Optional: Install SAP transport files

The SAP components that are needed for load balancing calls to SAP are delivered as SAP transport files that are archived as a zip file (one transport request, which consists of one cofile and one data file). You can use this step to limit multiple parallel calls to SAP, based on the available work processes in SAP.

The zip file download is available when you deploy the plugin in the Cloud Data Fusion Hub.

When you import the transport files into SAP, the following SAP OData projects are created:

  • OData projects

    • /GOOG/GET_STATISTIC
    • /GOOG/TH_WPINFO
  • ICF service node: GOOG

To install the SAP transport, follow these steps:

Step 1: Upload the transport request files

  1. Log into the operating system of the SAP Instance.
  2. Use the SAP transaction code AL11 to get the path for the DIR_TRANS folder. Typically, the path is /usr/sap/trans/.
  3. Copy the cofiles to the DIR_TRANS/cofiles folder.
  4. Copy the data files to the DIR_TRANS/data folder.
  5. Set the User and Group of data and cofile to <sid>adm and sapsys.

Step 2: Import the transport request files

The SAP administrator can import the transport request files by using one of the following options:

Option 1: Import the transport request files by using the SAP transport management system
  1. Log in to the SAP system as an SAP administrator.
  2. Enter the transaction STMS.
  3. Click Overview > Imports.
  4. In the Queue column, double-click the current SID.
  5. Click Extras > Other requests > Add.
  6. Select the transport request ID and click Continue.
  7. Select the transport request in the import queue, and then click Request > Import.
  8. Enter the Client number.
  9. On the Options tab, select Overwrite originals and Ignore invalid component version (if available).

    (Optional) To schedule a reimport of the transports for a later time, select Leave transport requests in queue for later import and Import transport requests again.

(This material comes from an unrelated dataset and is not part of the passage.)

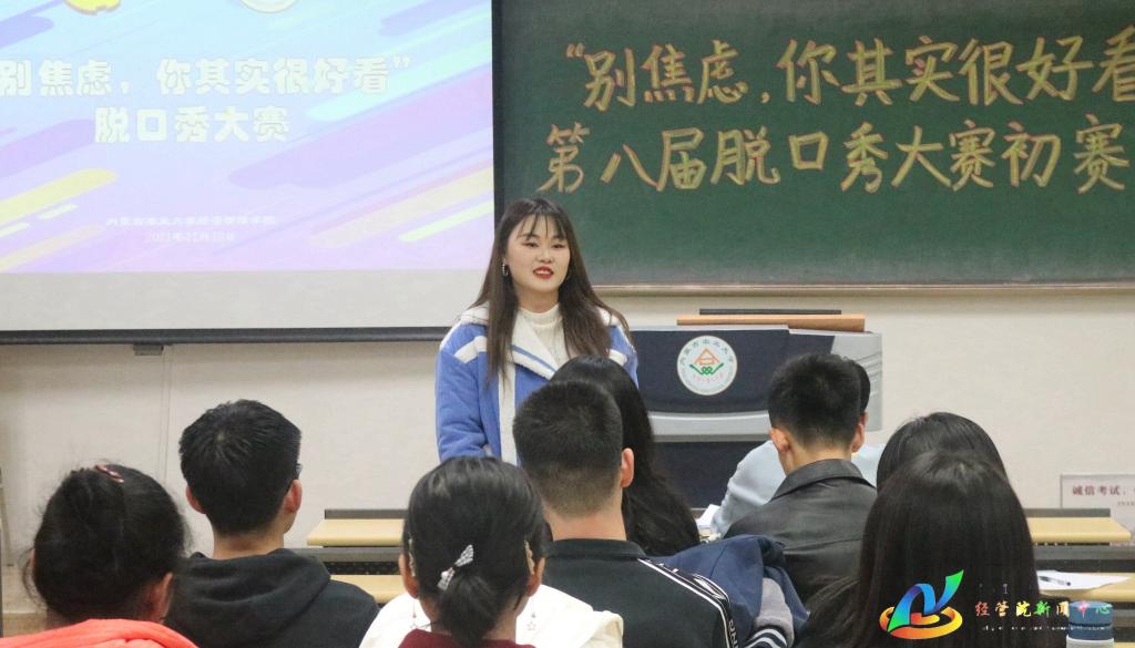 唇枪舌战见真章,妙语连珠话青春。大赛在轻松愉悦的气氛中拉开帷幕,选手们依次上台,围绕“别焦虑,你其实很好看”这一主题演绎每个人对“容貌焦虑”的独到看法。他们或侃侃而谈、金句横出,以自嘲、甩包袱的方式展现对美的看法;或慷慨激昂、舌灿莲花,从不同角度深入思考容貌焦虑;或幽默风趣、别出心裁,谐音梗、讲段子,展现选手们积极乐观的生活态度。选手们独具匠心、精意覃思的脱口秀表演令观众捧腹的同时也引人深思,容貌焦虑不可取,乐观积极方是真理。赛后,心理健康服务中心主任段敏对本次比赛进行简要总结评价并对各位选手予以鼓励。

This is useful for SAP system upgrades and backup restorations.

  10. Click Continue.

  11. To verify the import, use any transactions, such as SE80 and SU01.

Option 2: Import the transport request files at the operating system level
  1. Log in to the SAP system as an SAP system administrator.
  2. Add the appropriate requests to the import buffer by running the following command:

    tp addtobuffer TRANSPORT_REQUEST_ID SID
    

    For example: tp addtobuffer IB1K903958 DD1

  3. Import the transport requests by running the following command:

    tp import TRANSPORT_REQUEST_ID SID client=NNN U1238
    

    Replace NNN with the client number. For example: tp import IB1K903958 DD1 client=800 U1238

  4. Verify that the function module and authorization roles were imported successfully by using any appropriate transactions, such as SE80 and SU01.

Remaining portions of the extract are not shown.